The propellant used can be composed of any of a number of compositions well-known in the published art. The propellant can be of the composite type comprising an organic binder and oxidizer. The binder can be, for example, polyvinyl chloride, polyester, polybutadiene, acrylate, polyamide, polyurethane, cellulose acetate with or without conventional plasticizers. The oxidizer can be, for example, ammonium, alkali metal (e.g., Na, K, Li) or alkaline earth metal (e.g., Ca, Sr) chlorate, perchlorate or nitrate. The propellant can also be of the double-base type, e.g., nitrocellulose plasticized with a nitrated binder such as nitroglycerine. Conventional additives, such as burning-rate modifiers, coolants, stabilizers, and the like can also be incorporated into the composition. Metal fuels, such as A1, Mg, Zr, and B, can also be incorporated. An example of a suitable solid propellant is a plastisol composed primarily of an ammonium perchlorate oxidizer, polyvinyl chloride binder, and an organic ester plasticizer; however, other propellant compositions are equally suitable.

The addition of the signaling device composition can be accomplished in several ways. Certain compositions, such as those for creating colored flares, can be added to the propellant during manufacture. For example, a suitable red flare additive is strontium nitrate which can replace a portion of the propellant oxidizer, e.g., ammonium perchlorate in the plastisol propellant example of the preceding paragraph. For a green flare, barium nitrate would be substituted. In both cases, the chlorine which reacts with the additive to produce the emitter having the desired color is found in the source of remaining ammonium perchlorate. Where feasible, the grain can be tailored during manufacture to have it substantially void of any signaling composition in its aft region which is intended to burn during the rocket propulsion phase, thereby having only the forward end of the grain loaded with a signaling composition. Another method of grain manufacture is as defined previously with regard to FIG. 3 where the signaling composition and the propellant are made separately and then joined together to form the grain 14. For example, for colored smoke generation, a suitable composition is an intimate mix of fuel (e.g., sulfur or sugar), vaporizable organic dye, chlorate (e.g, potassium perchlorate) oxidizer, and perhaps a coolant such as sodium bicarbonate.
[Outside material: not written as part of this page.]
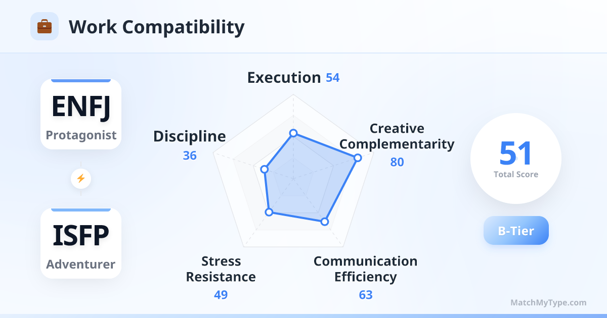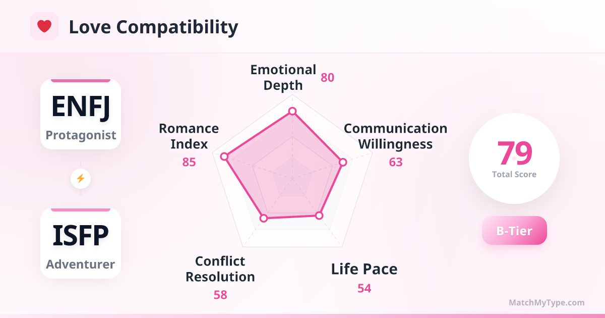 ENFJ is high energy; ISFP is low. At a party, ENFJ flies around while ISFP pets the cat in the corner. ENFJ's subtle care (bringing a drink) is heartwarming. Just don't push ISFP onto the stage; they'll die of embarrassment.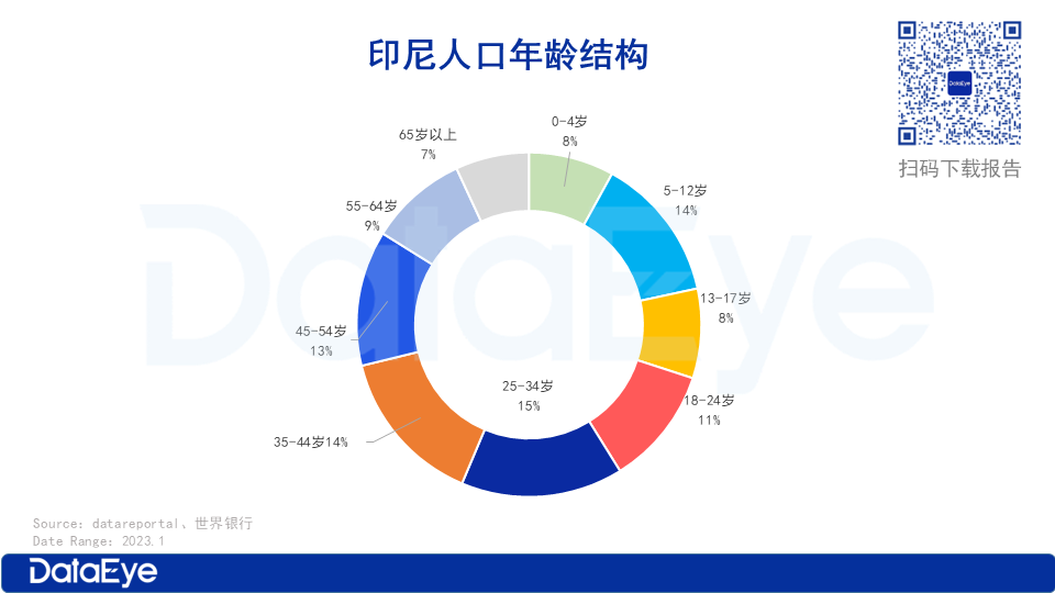 印尼平均年龄达29.8岁,人口年龄结构相对年轻。2022年,印尼65岁及以上人口占比为6.9%,尚未步入老龄化社会(世界老龄化标准为一个国家或地区65岁及以上人口数达到7%以上)。

This powdery composition is then tightly pressed, and the resulting solid grain section is combined with the solid propellant grain section to form the grain 14. If the generation of white smoke is desired, an example of a suitable composition is a pressed grain of a conventional HC composition. For illuminating candles, the grain can be made, for example, by pressing a conventional sodium nitrate metal fuel composition, although there are other known and suitable compositions that can be cast as well.

While the present invention has now been described with respect to particular embodiments thereof, it is evident that changes may now be made by someone skilled in the art to the construction, composition, and arrangement of parts without departing from the spirit and scope of the present invention as defined by the appended claims.